YOUR ASSIGNMENT - The lines below starting at the line containing "10月14日至15日,全國工" and ending at the line containing "Dad's with beards" are to be repeated exactly, with both ends kept and nothing else added.

SUPPLIED DATA -
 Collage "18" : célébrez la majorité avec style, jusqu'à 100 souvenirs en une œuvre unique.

* * *

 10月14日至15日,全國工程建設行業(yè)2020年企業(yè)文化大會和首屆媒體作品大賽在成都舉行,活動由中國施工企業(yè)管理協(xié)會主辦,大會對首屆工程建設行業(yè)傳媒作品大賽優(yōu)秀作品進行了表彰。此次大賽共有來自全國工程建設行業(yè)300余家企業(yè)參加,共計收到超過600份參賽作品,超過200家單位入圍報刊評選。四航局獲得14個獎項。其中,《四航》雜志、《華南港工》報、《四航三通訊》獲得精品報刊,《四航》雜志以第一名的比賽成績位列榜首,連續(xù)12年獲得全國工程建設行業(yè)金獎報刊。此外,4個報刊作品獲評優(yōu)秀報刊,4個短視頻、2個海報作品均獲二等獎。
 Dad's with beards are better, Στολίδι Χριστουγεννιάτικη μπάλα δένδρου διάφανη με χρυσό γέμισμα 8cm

EXERCISE SOLUTION -
 10月14日至15日,全國工程建設行業(yè)2020年企業(yè)文化大會和首屆媒體作品大賽在成都舉行,活動由中國施工企業(yè)管理協(xié)會主辦,大會對首屆工程建設行業(yè)傳媒作品大賽優(yōu)秀作品進行了表彰。此次大賽共有來自全國工程建設行業(yè)300余家企業(yè)參加,共計收到超過600份參賽作品,超過200家單位入圍報刊評選。四航局獲得14個獎項。其中,《四航》雜志、《華南港工》報、《四航三通訊》獲得精品報刊,《四航》雜志以第一名的比賽成績位列榜首,連續(xù)12年獲得全國工程建設行業(yè)金獎報刊。此外,4個報刊作品獲評優(yōu)秀報刊,4個短視頻、2個海報作品均獲二等獎。
 Dad's with beards are better, Στολίδι Χριστουγεννιάτικη μπάλα δένδρου διάφανη με χρυσό γέμισμα 8cm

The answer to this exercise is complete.